Start of Exercise input

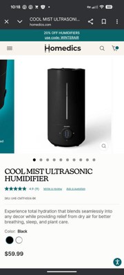 I needed another Homedics humidifier, and found a promotion on the top of the site page indicating WINTERAIR was a 20% off code for humidifiers. When I checked out the code did not work. Please update your site to remove that if it is not valid. It only upsets customers to leave reviews like this. I did take screenshot of what I saw.
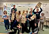 Carina Sörlin och Mats Degermark med glada och kreativa elever och deras fågelholkar.
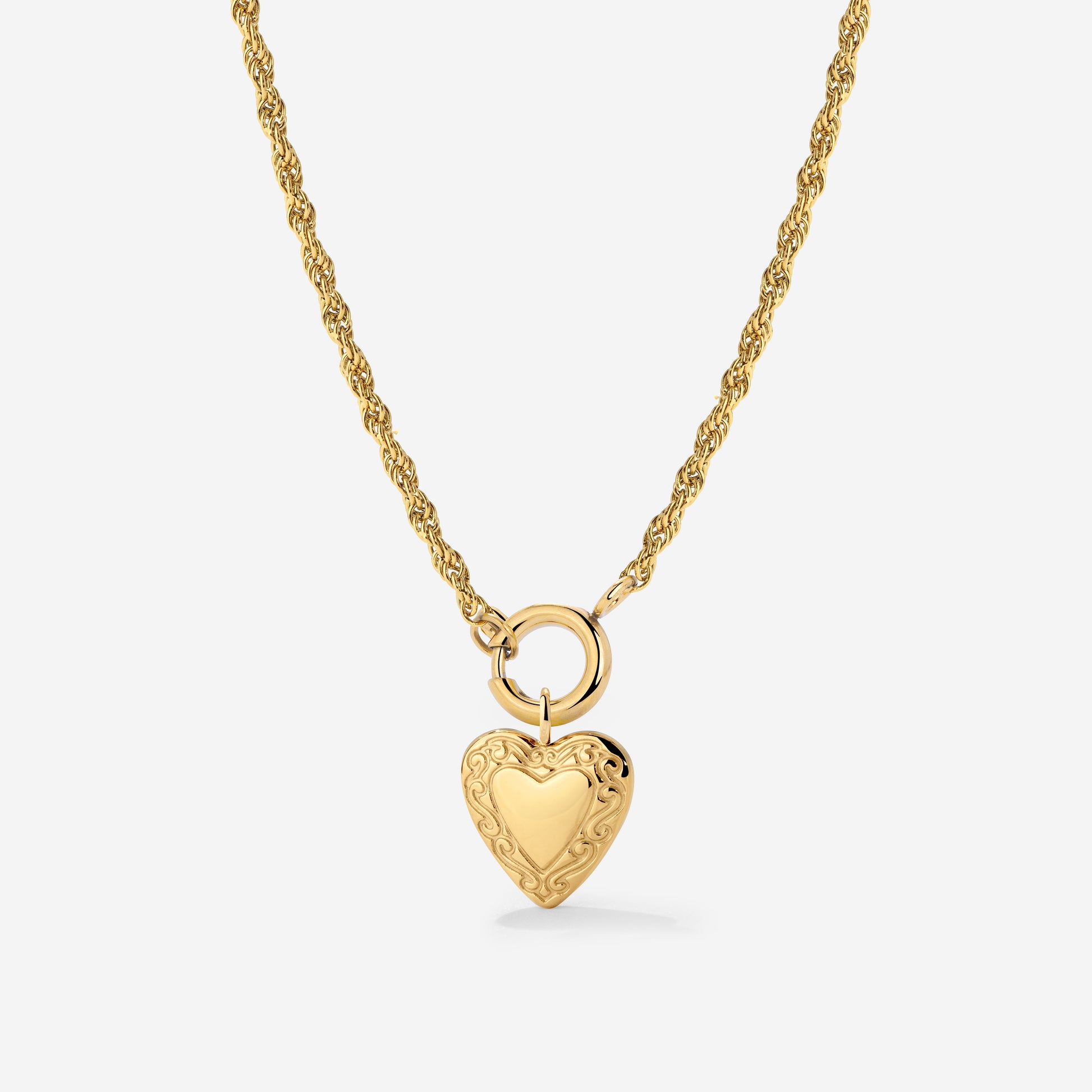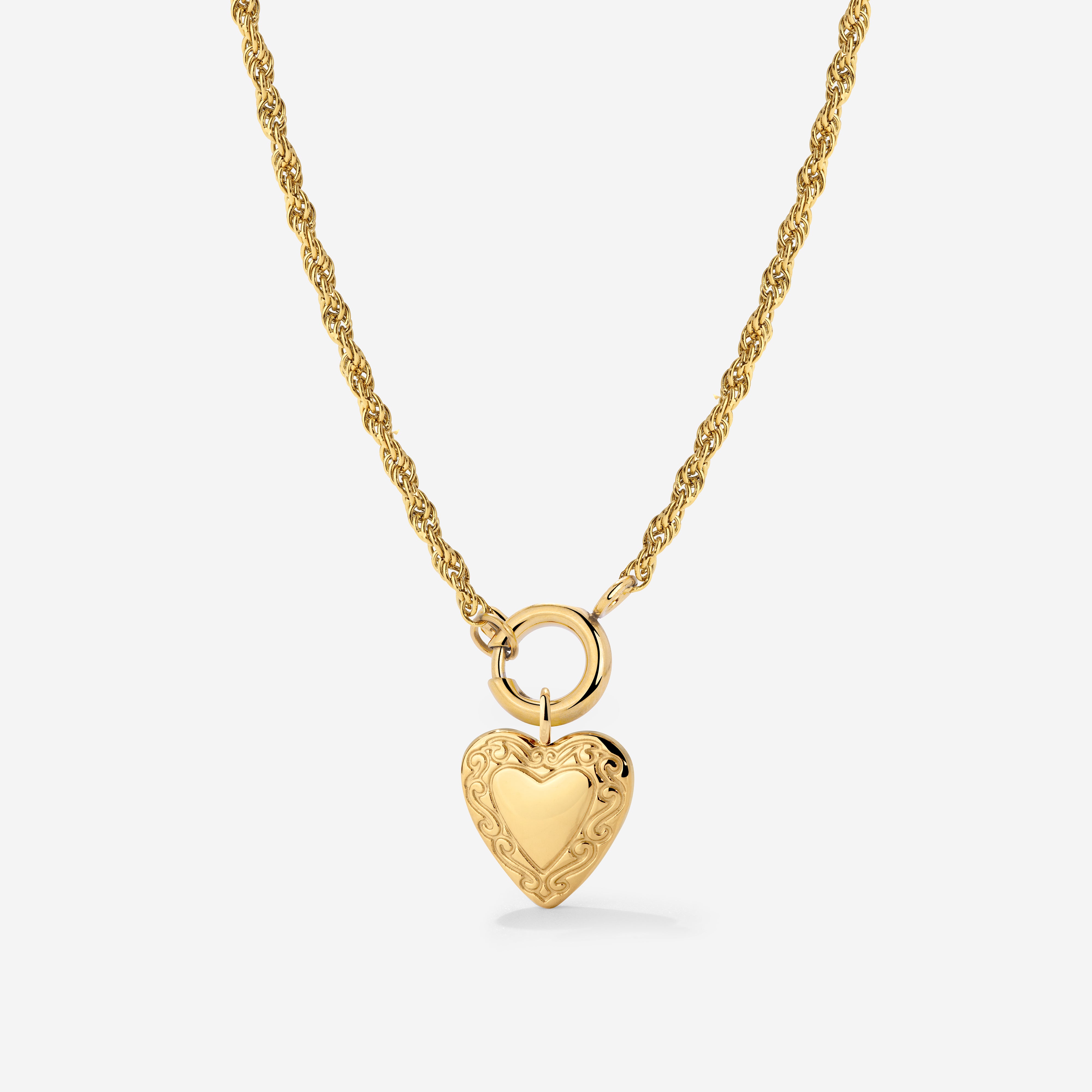 Du magst vintage Designs und feine, detaillierte Akzente bei deinem Schmuck? Dann wirst du unser “Vintage Heart” Rope Chain Necklace Set lieben! Die getwistete Kette komplementiert den kleinen, süßen Herz-Charm perfekt und unterstreicht den antiken Vibe, den das Schmuckstück ausstrahlt. Der Charm selbst wird durch feine, verschnörkelte Gravuren verziert, wodurch die Halskette erst recht so wirkt, als käme sie direkt aus dem Schmuckkästchen deiner Oma. Lass dir diesen Schatz auf keinen Fall entgehen und schnapp zu!
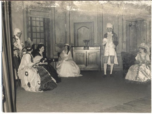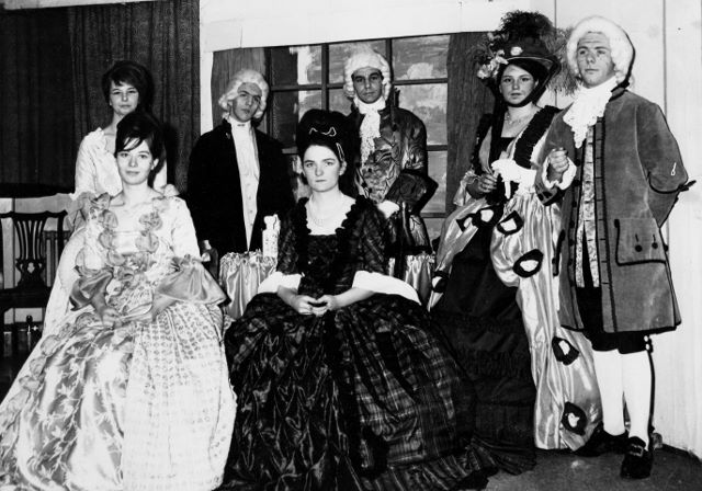 by Richard Brinsley Sheridan With elaborate costumes made in the needlework department under the direction of Mrs Bosworth. Richard Brinsley Sheridan’s ‘The School for Scandal’ was presented on the evenings of 26th to 30th March 1963. A cast of 23 took to the stage of the school hall, playing to packed houses on the last two nights. The play was produced by English teacher, Mr. H. Smith. Then with, but not in, the costumes the cast accompanied by the French exchange pupils, travelled by train to Roanne. The venue originally arranged, the 'Salle Jotilon', was quickly dismissed as too small and generally unsuitable. So the play was moved to the 'Théatre Municipal de Roanne' where the professional technicians were brought in to arrange suitable scenery and lighting. The plot was explained by Mr. Goodburn, in French, to the audience before the curtain rose on 6th April. |
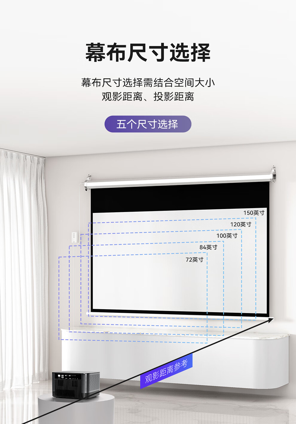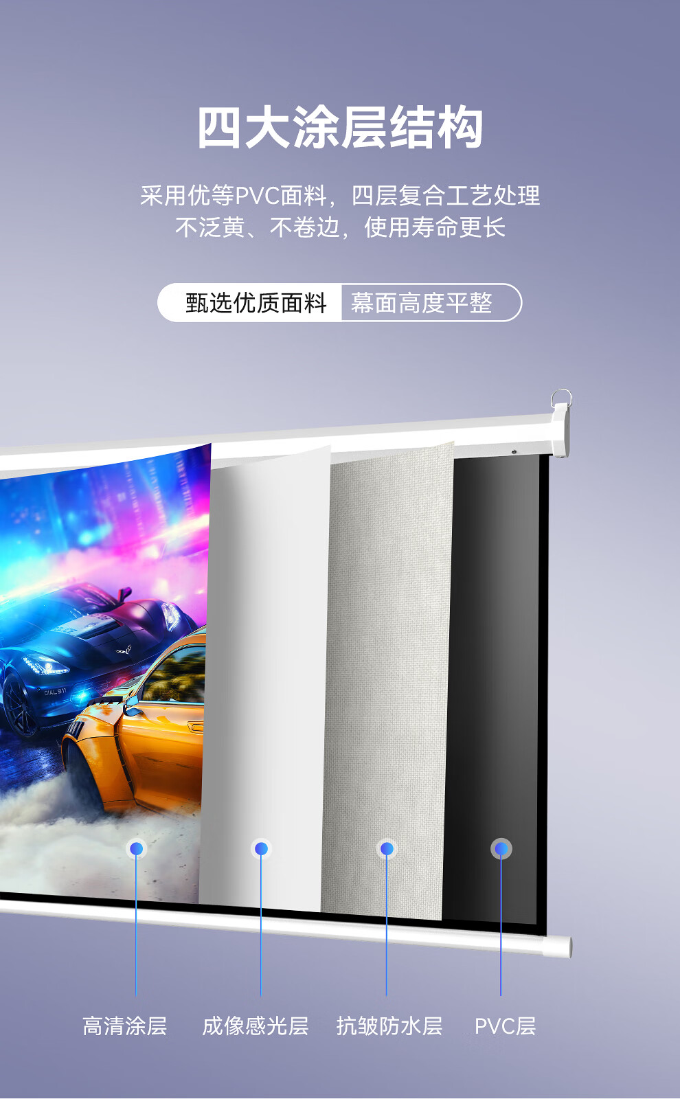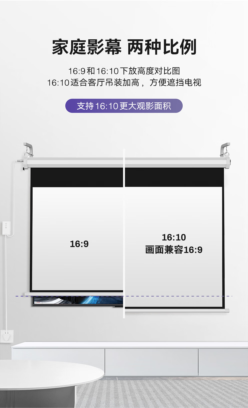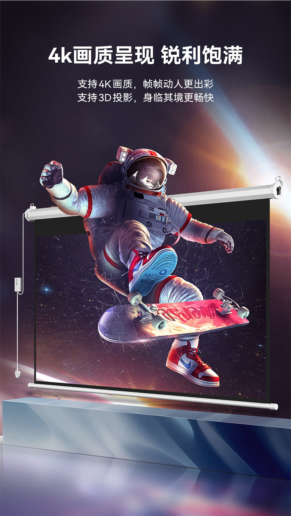 虾皮 投影幕布电动家用遥控自动升降高清4K抗光壁挂办公投影机幕布客厅卧室家庭影院投影布投影仪幕布 白塑 150吋16:9电动遥控【航空双插,双向通电】
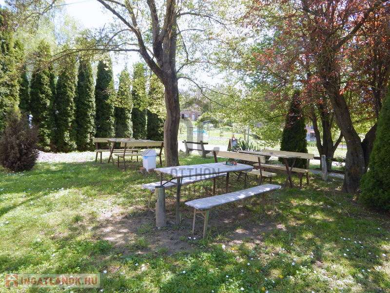 Az épület előtt fedett terasz, kerti kiülők, külső raktárhelyiség találhatók. A tágas belső terek könnyen alakíthatók. Cserépkályha biztosítja a meleget, teljes közművekkel ellátott. A villanyvezeték az üzlettérben egy éve át lett vezetékelve.
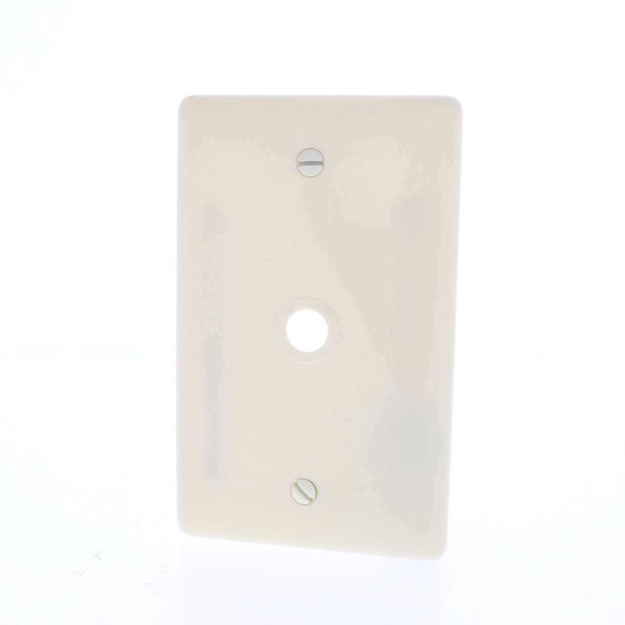 3 Hubbell NP11AL almond .406" hole telephone/cable thermoplastic wallplates. Commercial grade cover with one .406" diameter opening for cable, telephone or similar applications. Slightly oversize dimensions, measuring 4.62"h x 2.87"w, provide an extra 1/8" in length and width than standard plates from other manufacturers to provide increased coverage around irregular wall openings. Made of a tough virtually unbreakable nylon - do not confuse it with regular plastic residential plates which can chip or crack. Features include:
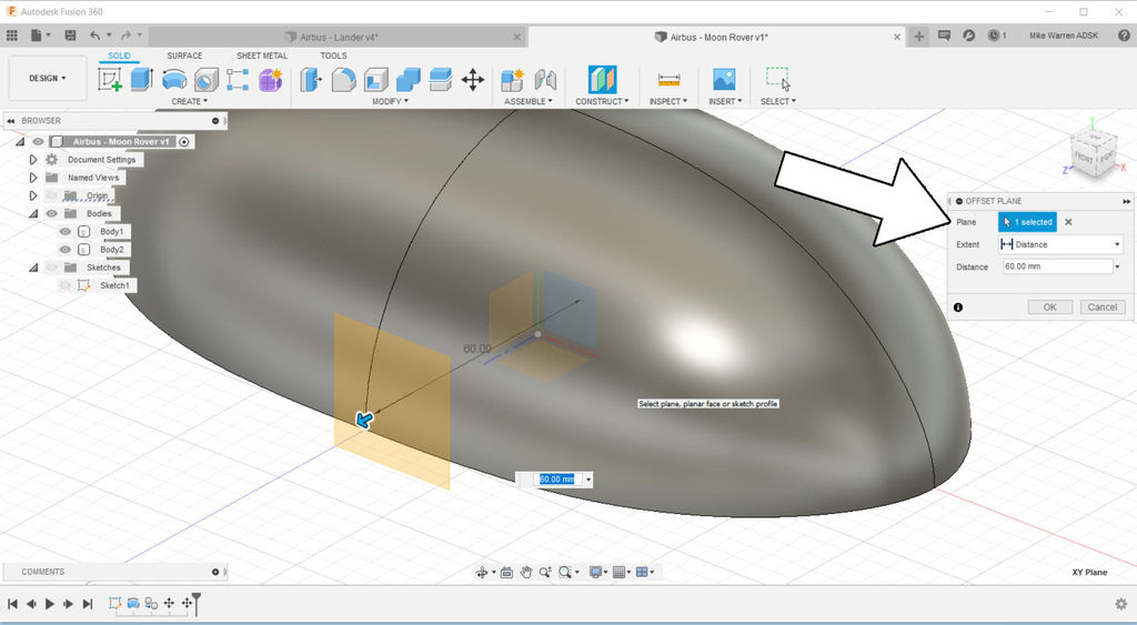 The offset menu lets us chose which plane to use as the offset, and the distance away from the plane we want the offset to be. I chose a distance that was a little outside the edge of the Rover. Click OK to finish the command.
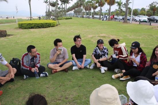 天气舒爽,风景优美,一支朝气蓬勃的骑行队伍,行走在景色优美的环岛公路上,同学们一边骑着自行车,一边欣赏着沿途的美景。很快就到了目的地黄厝海滩,难得的好天气让大家心情轻松愉快,纷纷在海边拍照留念。随后,大家在草地上玩起了7过、歌词接龙等小游戏。大家三人一组,从素不相识的陌生人很快变成了积极配合、默契的队友,最后胜出的队伍有机会获得精美笔记本、畅销书籍等奖品。
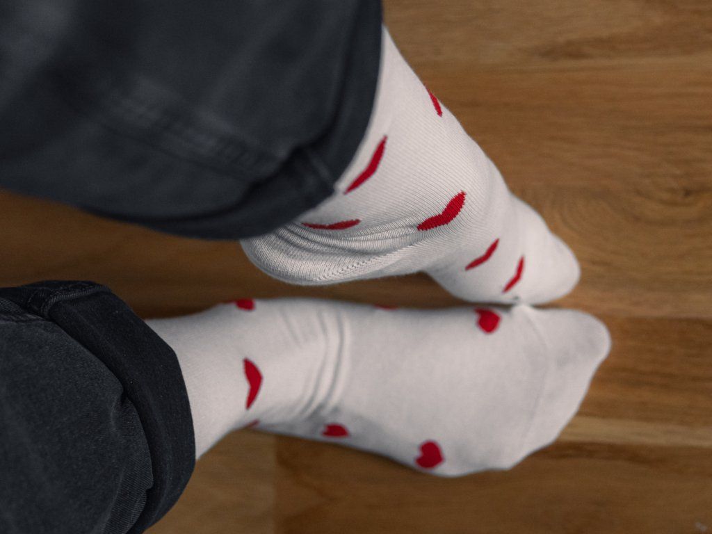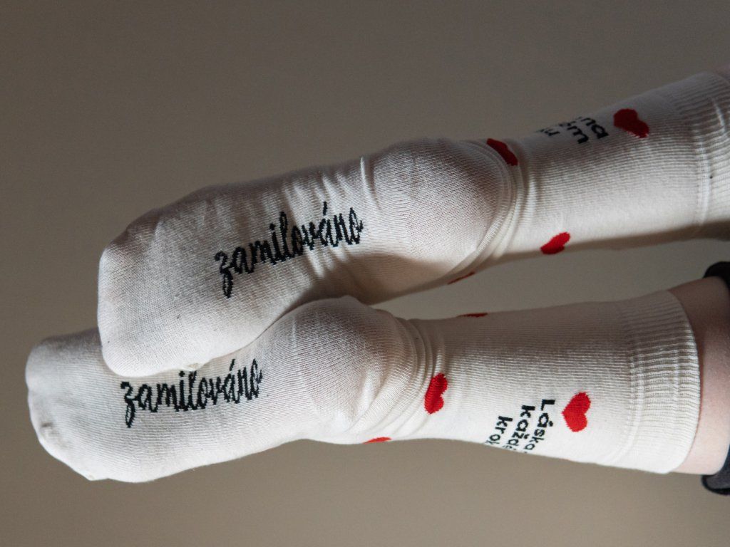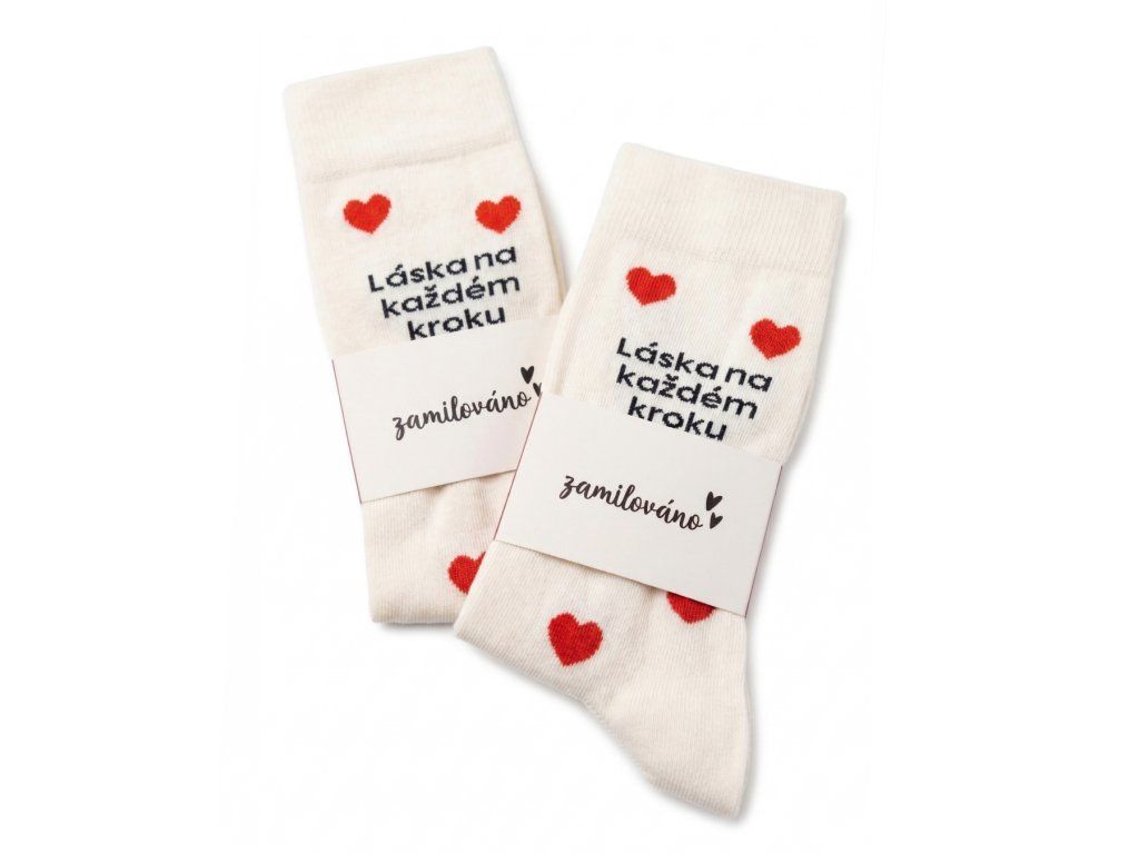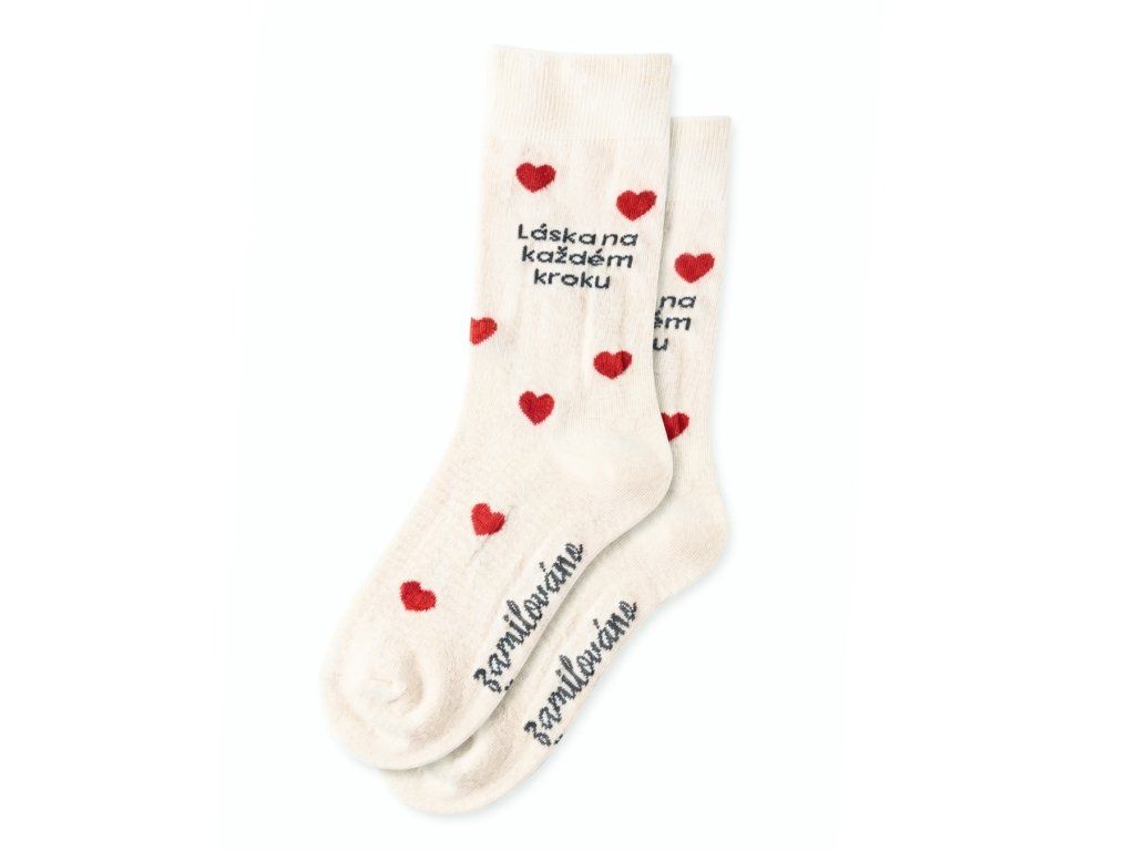 Ponožky s jemným motivem srdíček a nápisem „Láska na každém kroku“.

End of Exercise input

### Task statement
Exactly the lines from the one holding "天气舒爽,风景优美,一支朝气" through the last line of the entries must be set down, with nothing added and no pictures.

### Answer space
 天气舒爽,风景优美,一支朝气蓬勃的骑行队伍,行走在景色优美的环岛公路上,同学们一边骑着自行车,一边欣赏着沿途的美景。很快就到了目的地黄厝海滩,难得的好天气让大家心情轻松愉快,纷纷在海边拍照留念。随后,大家在草地上玩起了7过、歌词接龙等小游戏。大家三人一组,从素不相识的陌生人很快变成了积极配合、默契的队友,最后胜出的队伍有机会获得精美笔记本、畅销书籍等奖品。
 Ponožky s jemným motivem srdíček a nápisem „Láska na každém kroku“.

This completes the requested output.